**ACTION ITEM**
No pictures belong in the copy. Retype exactly, and only, the stretch of lines below from the one with "There are plenty" through the one with "- To begin, navigate".

**DATASET RECORDS**

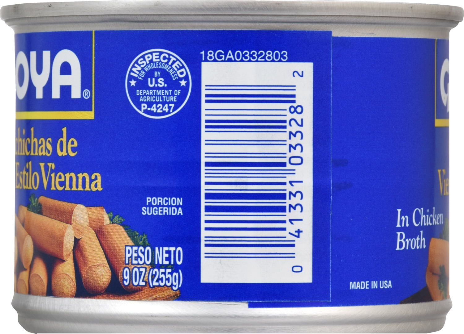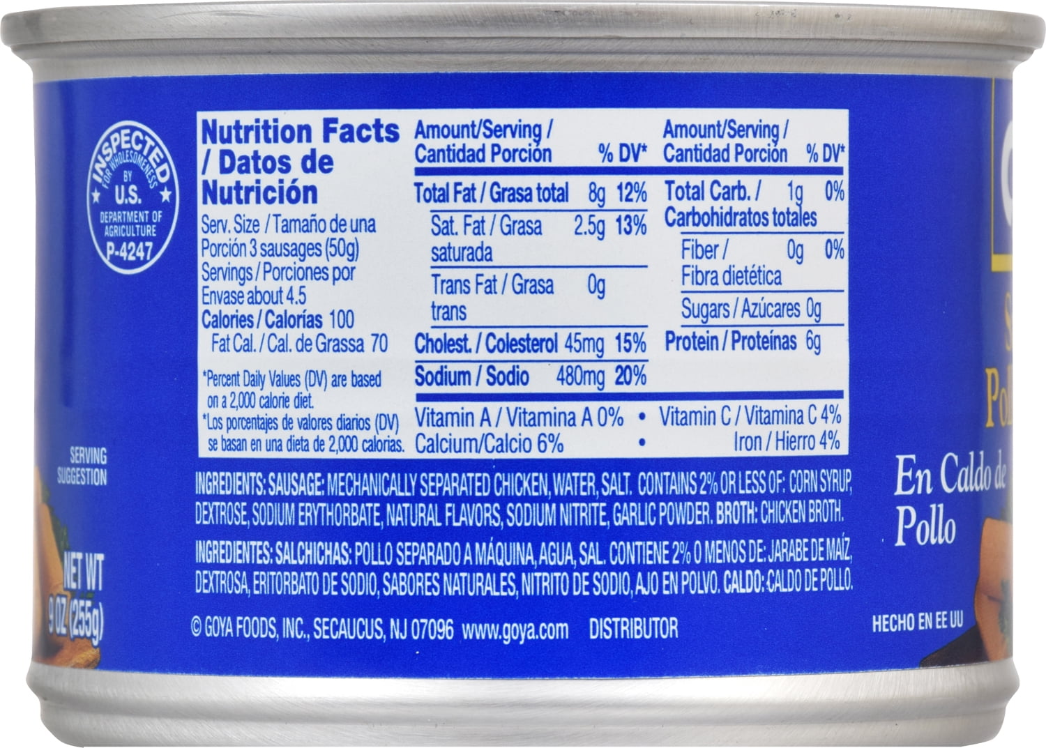 GOYA Chicken Vienna Sausage In Chicken Broth 9 Oz. Enjoy the delicious flavor of Goya Vienna Sausage. Delicately seasoned and packaged in chicken broth, it is ideal for using in various recipes. You can also eat them right out of the can for a quick snack. Inspected for wholesomeness by the U.S. Department of Agriculture, the chicken Vienna sausages are a quality food for at home or on the go. They are low in fat, calories and cholesterol and come in an easy-to-open 9-oz can.
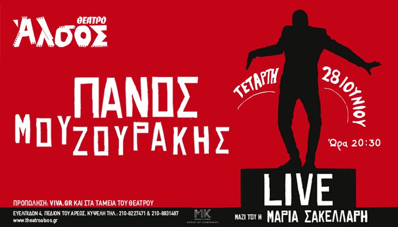 Ο Πάνος Μουζουράκης την Τετάρτη 28 Ιουνίου στο θέατρο Άλσος με ένα ανατρεπτικό live
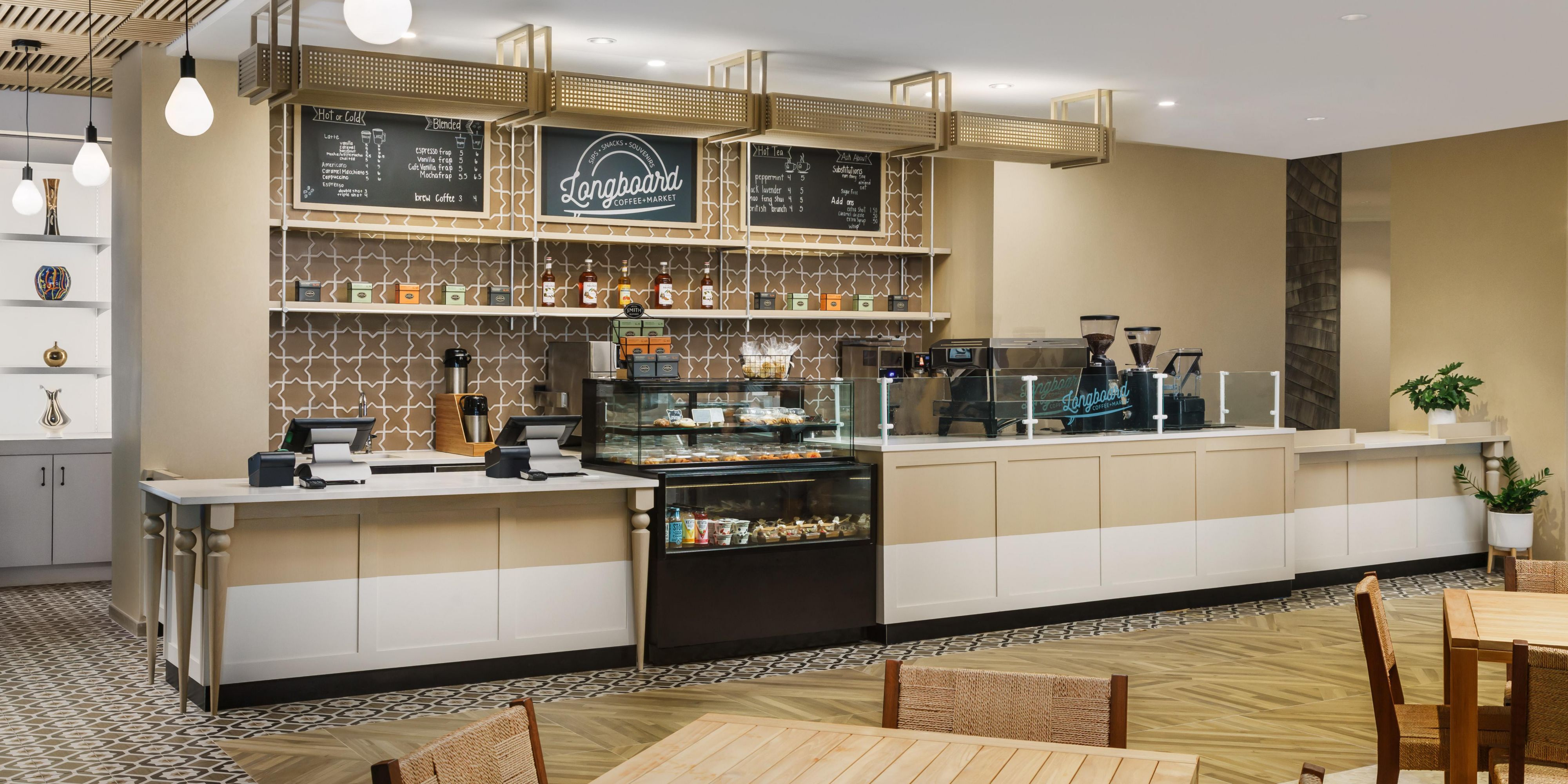 There are plenty of dining options, with 3 restaurants onsite including Solstice Oceanfront Kitchen + Cocktails, Surfside Beach Bar & Grille, or Longboard Coffee + Market.
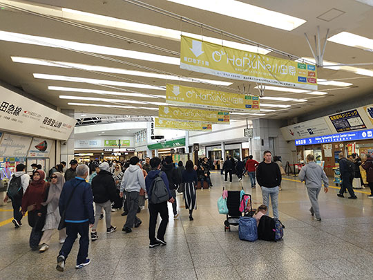 ก่อนอื่นต้องเดินผ่านที่ตรวจตั๋วออกมา บริเวณภายในอาคารสถานีที่เป็นจุดเชื่อมระหว่างทางรถไฟสายต่างๆนั้นดูกว้างใหญ่และคนพลุกพล่าน สมกับเป็นสถานีใจกลางที่เป็นจุดเปลี่ยนรถไฟหลายสาย ซึ่งรวมถึงชิงกันเซงด้วย และแถวนี้เองก็มีสถานที่เที่ยวเยอะด้วย
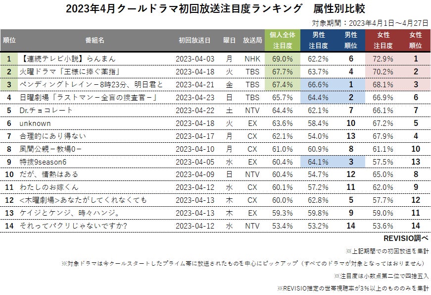 4月からスタートした、春ドラマで主にプライム帯に放送されているドラマをピックアップし*、REVISIO独自の注目度という指標によって初回放送の「注目度ランキング」を作成いたしました。その結果、個人全体と女性の1位から3位が同じランキングとなりました。また、1位の朝の連ドラを除くと、上位3作品はTBSの独占でした。女性より男性が釘付けになったドラマは14作品中3作品のみで、女性のほうがドラマを集中してみているということが分かりました。
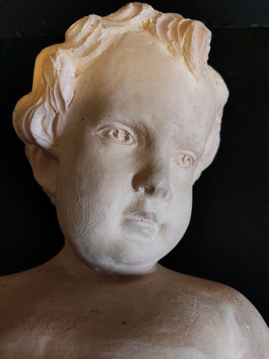 buste enfant (putti) en terre cuite d'inspiration italienne
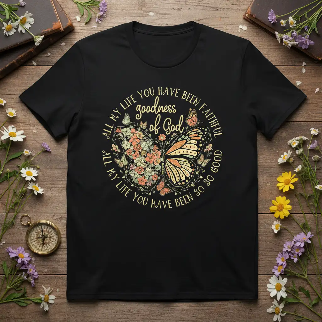 Celebrate the unwavering goodness and faithfulness of God with this beautiful Christian t-shirt. Featuring a stunning butterfly and floral design with an inspiring quote, this tee is a wonderful way to express your spiritual journey. It’s crafted for comfort and designed to be a lasting reminder of divine blessings.
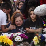 Family members of victim Jason Gomez mourn during a vigil at Young Park in Las Cruces, N.M., on Sunday.
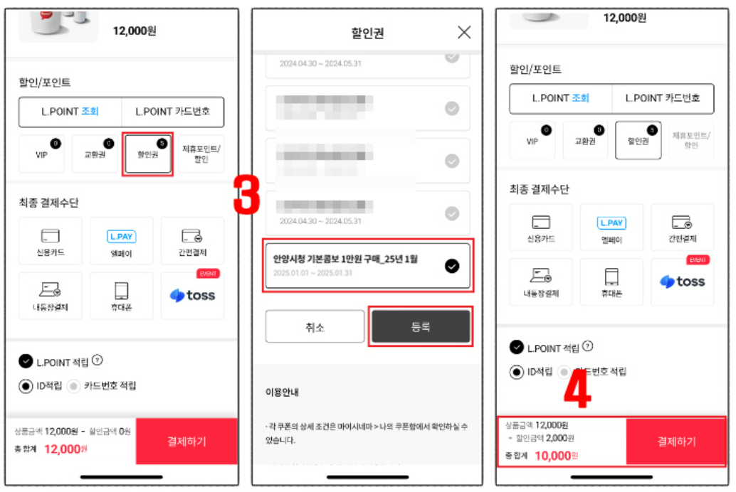 - 할인권 클릭 후 해당 쿠폰 선택 후 등록 > 할인금액 확인 후 최종 결제하기
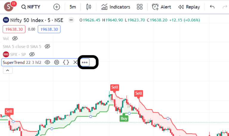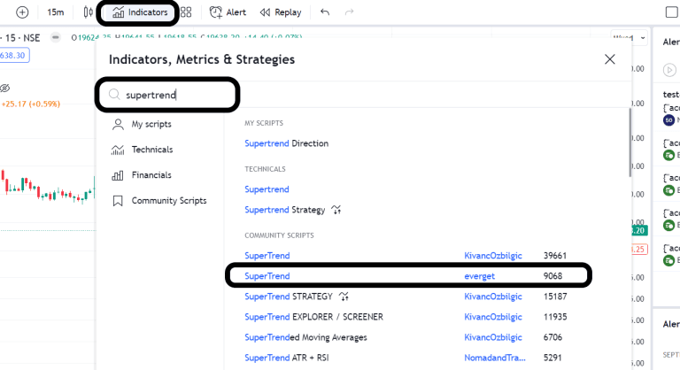 - To begin, navigate to TradingView and open the index chart you wish to trade. For this example, I'm using a 5-minute Nifty chart. Next, we need to add the SuperTrend indicator to the Nifty chart. Locate the SuperTrend indicator in the indicator section, and choose the SuperTrend indicator by Everget, as illustrated in the image below.
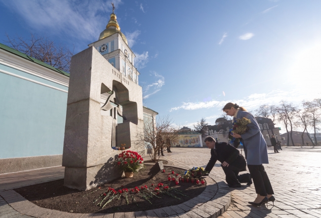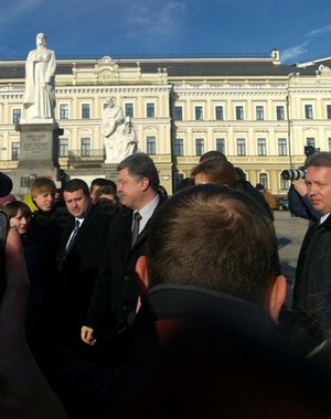 - Мы побывали в Софии Киевской и направлялись на Михайловскую площадь, — рассказывает второкурсница 19-летняя Анастасия Пономаренко. — И тут увидели, как Петр Порошенко вместе с женой кладет цветы к памятнику жертвам голодомора.
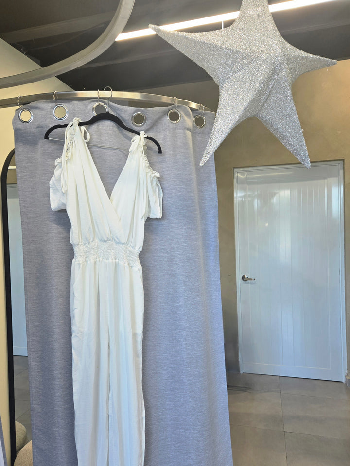 El Angel White Cold-Shoulder Jumpsuit es puro verano sofisticado: escote en V cruzado profundo, hombros descubiertos con detalle de lazos y volantes que caen como alas, cintura fruncida elástica que marca sin apretar y perneras ajustadas con puño tobillero.
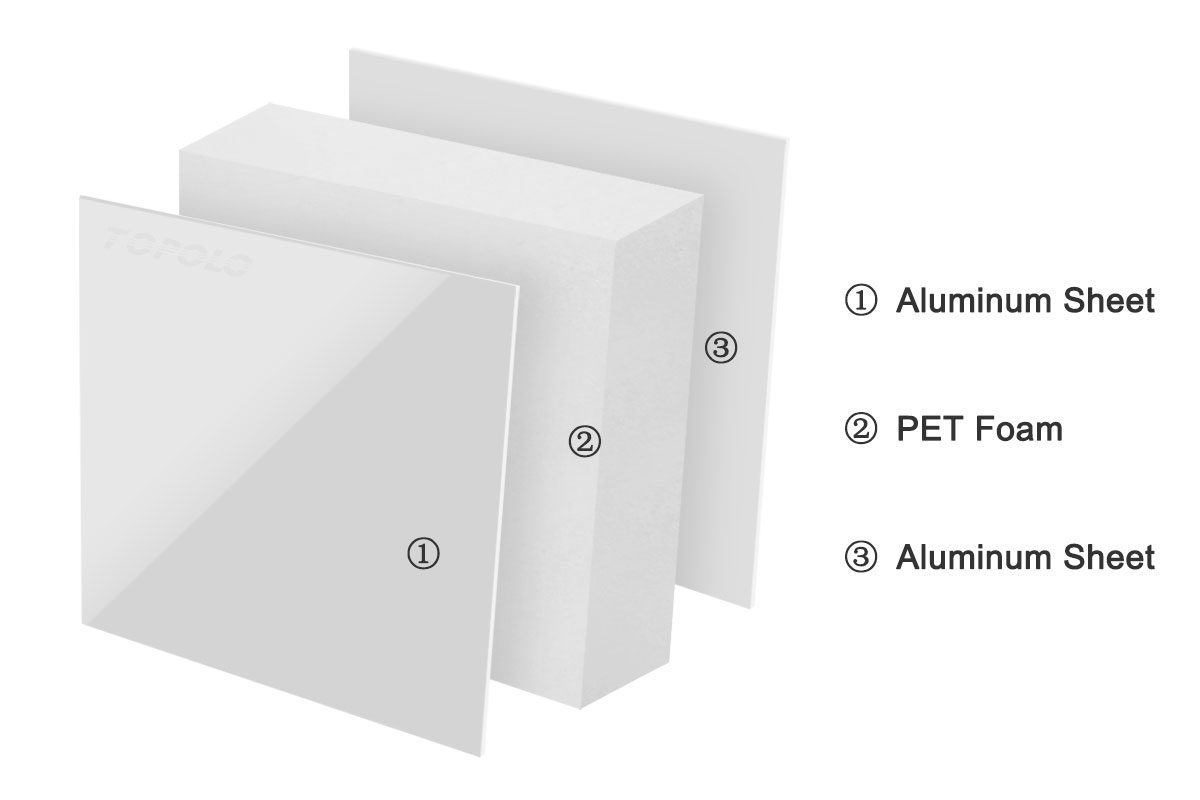 - Hohe Festigkeit: Der PET-Schaumkern bietet eine gute Druck- und Scherfestigkeit, und die Sandwichstruktur aus beidseitigen Aluminiumhäuten und dem PET-Schaumkern in der Mitte verleiht der Platte eine hohe Gesamtfestigkeit.
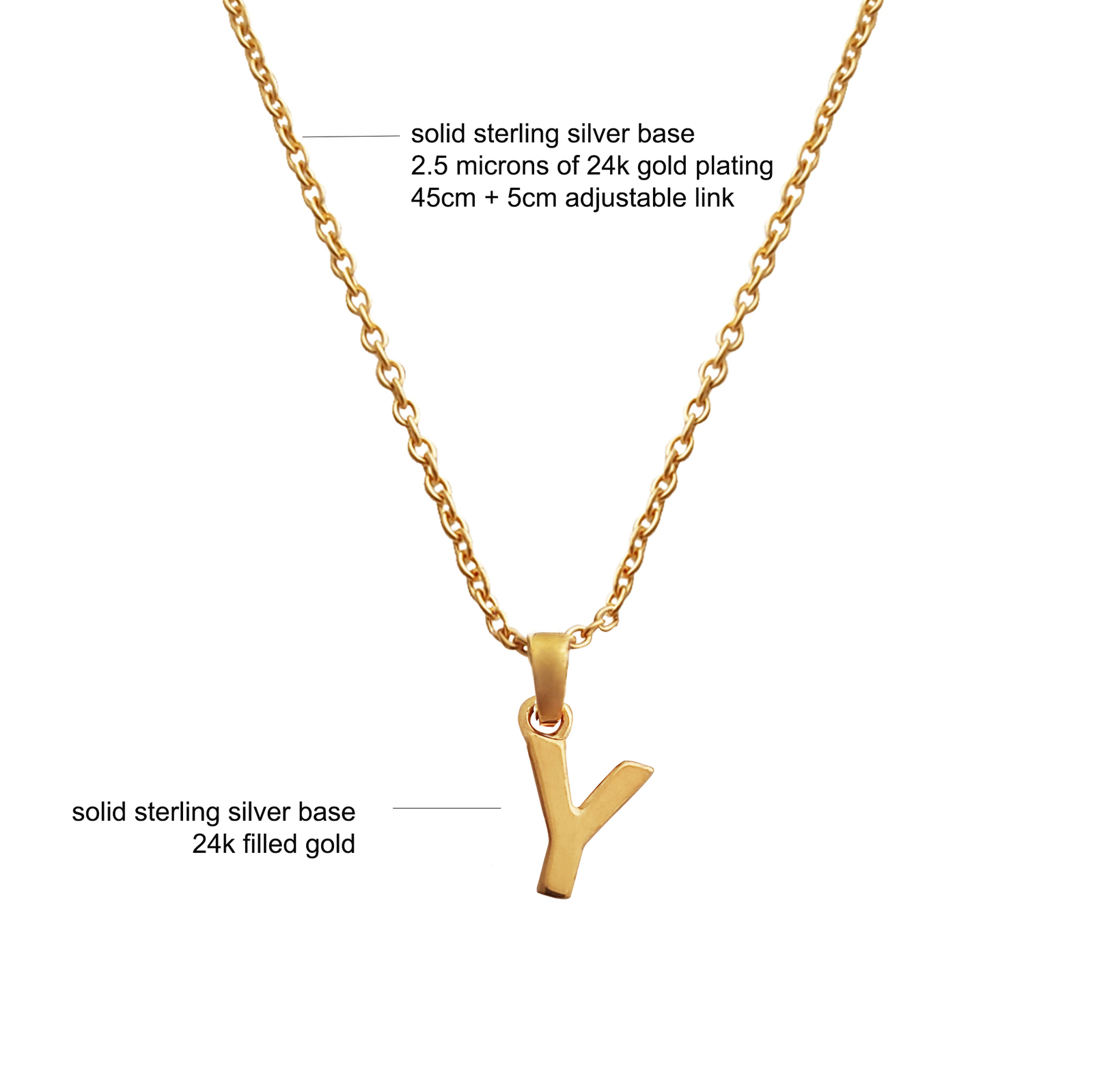24K Gold Filled Initial Y Pendant Necklace
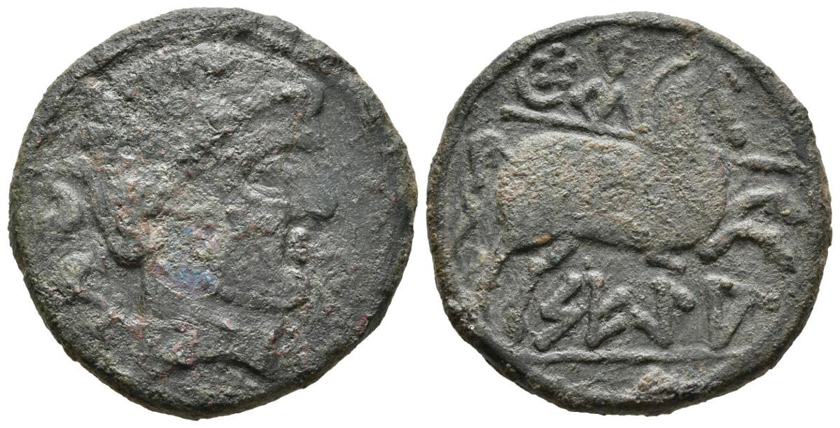 SEGIA-SEKIA. As. 120-20 a.C. Ejea de los Caballeros (Zaragoza). A/ Cabeza masculina barbada y con collar a derecha, detrás dos delfines. R/ Jinete lancero a derecha, encima creciente y estrella, debajo sobre línea SEKIA. FAB-2157. Ae. 10,17g. BC+/MBC.
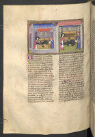 Vienna, Österreichische Nationalbibliothek, 2561, f. 208v. Tre armeni, tra cui il padre di Teodoro, sono affacciati alle finestre di una locanda; Teodoro viene condotto al luogo del supplizio legato su di un carro.

**SOLUTION TO THIS TASK**
 There are plenty of dining options, with 3 restaurants onsite including Solstice Oceanfront Kitchen + Cocktails, Surfside Beach Bar & Grille, or Longboard Coffee + Market.
 ก่อนอื่นต้องเดินผ่านที่ตรวจตั๋วออกมา บริเวณภายในอาคารสถานีที่เป็นจุดเชื่อมระหว่างทางรถไฟสายต่างๆนั้นดูกว้างใหญ่และคนพลุกพล่าน สมกับเป็นสถานีใจกลางที่เป็นจุดเปลี่ยนรถไฟหลายสาย ซึ่งรวมถึงชิงกันเซงด้วย และแถวนี้เองก็มีสถานที่เที่ยวเยอะด้วย
 4月からスタートした、春ドラマで主にプライム帯に放送されているドラマをピックアップし*、REVISIO独自の注目度という指標によって初回放送の「注目度ランキング」を作成いたしました。その結果、個人全体と女性の1位から3位が同じランキングとなりました。また、1位の朝の連ドラを除くと、上位3作品はTBSの独占でした。女性より男性が釘付けになったドラマは14作品中3作品のみで、女性のほうがドラマを集中してみているということが分かりました。
 buste enfant (putti) en terre cuite d'inspiration italienne
 Celebrate the unwavering goodness and faithfulness of God with this beautiful Christian t-shirt. Featuring a stunning butterfly and floral design with an inspiring quote, this tee is a wonderful way to express your spiritual journey. It’s crafted for comfort and designed to be a lasting reminder of divine blessings.
 Family members of victim Jason Gomez mourn during a vigil at Young Park in Las Cruces, N.M., on Sunday.
 - 할인권 클릭 후 해당 쿠폰 선택 후 등록 > 할인금액 확인 후 최종 결제하기
 - To begin, navigate to TradingView and open the index chart you wish to trade. For this example, I'm using a 5-minute Nifty chart. Next, we need to add the SuperTrend indicator to the Nifty chart. Locate the SuperTrend indicator in the indicator section, and choose the SuperTrend indicator by Everget, as illustrated in the image below.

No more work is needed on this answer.